His Honour had earlier made more general observations as to the credibility and reliability of Ms Xue's evidence. At J[21], he found:
… that Ms Xue's evidence of her reliance upon Ms Zhuang overstated that reliance and substantially understated her business experience, intelligence, and capacity to make independent judgment. It seems to me that that is significantly adverse to Ms Xue's credit, where it underpinned a significant part of her evidence.
And at J[24], he said:
I am not persuaded that Ms Xue's evidence is reliable and it seems to me that it was, at best, reconstructed and tailored to her perception of what would assist or damage her case in cross-examination. In particular, Ms Xue resisted admitting any matter in cross-examination that she thought was adverse to that case, unless she was left with no alternative other than to do so, and on occasion maintaining denials even after they had become patently unsustainable.
In comparison, his Honour's findings as to the credibility and reliability of Ms Zhuang's evidence were much more benign. At J[38], he observed:
It seems to me that Ms Zhuang was a precise witness, with a strong understanding of the structure of the relevant financial products, and her answers were often more precise than the questions she was asked in cross-examination. I accept that there was a degree of advocacy in Ms Zhuang's evidence, although that is perhaps understandable… I am left with a degree of uncertainty as to whether the precision in her approach operated, at some times, as a way of avoiding uncomfortable questions, but it is not necessary to determine that question in order to determine the proceedings.
His Honour continued at J[40]:
Ms Zhuang explained, plausibly (T549) that, at the time she had given her affidavit, she had not understood the extent to which translation would become a significant issue in the proceedings. Ms Zhuang's evidence was also that the texts of conversations set out in her affidavit were short summaries of more detailed conversations (T551). I am inclined to accept that evidence, which likely reflects what generally occurs when witnesses give evidence of the effect of conversations that took place some years previously… I recognise that there were occasions on which Ms Zhuang claimed not to remember matters that had occurred, including matters that occurred relatively recently, and I am uncertain as to the accuracy of her evidence in that respect. Ultimately, little turns on the criticisms of Ms Zhuang's evidence given the findings which I reach on other grounds below, which do not depend on that evidence.

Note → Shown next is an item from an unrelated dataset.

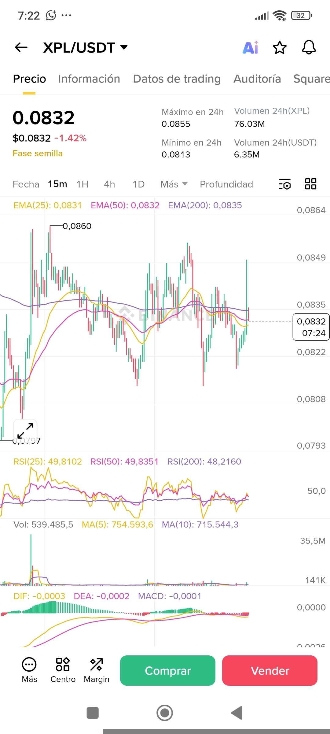 Chicos, $XPL ha estado pasando por unos días difíciles, pero parece que quiere volver a la pasarela. Tras tocar fondo, estamos viendo una pequeña reacción alcista. Sin embargo, no nos dejemos engañar por el primer brillo; la verdadera fiesta empieza cuando logremos cerrar con fuerza por encima de la EMA 200 (0.0835). 💄

At this point, it is convenient to set out the competing versions of these witnesses as to what was said during their meeting in Atlas' office in the morning of 6 April 2017.
Ms Xue's affidavit evidence as to the conversation (using "Fiona" to refer to Ms Zhuang) included that there were exchanges to the following effect:
A few days later in or around late April 2017 I met with Fiona at the Atlas offices to discuss the proposed Steller Fund investment, during which Fiona said words to the following effect:
Fiona said: The development is secured by mortgages and is zero risk. The investment will pay a return of approximately 10% per annum and is a single site project with presales of 50 to 70% already in place and that construction of the project cannot start until this minimum has been met.
I said: Has Atlas done its own due diligence?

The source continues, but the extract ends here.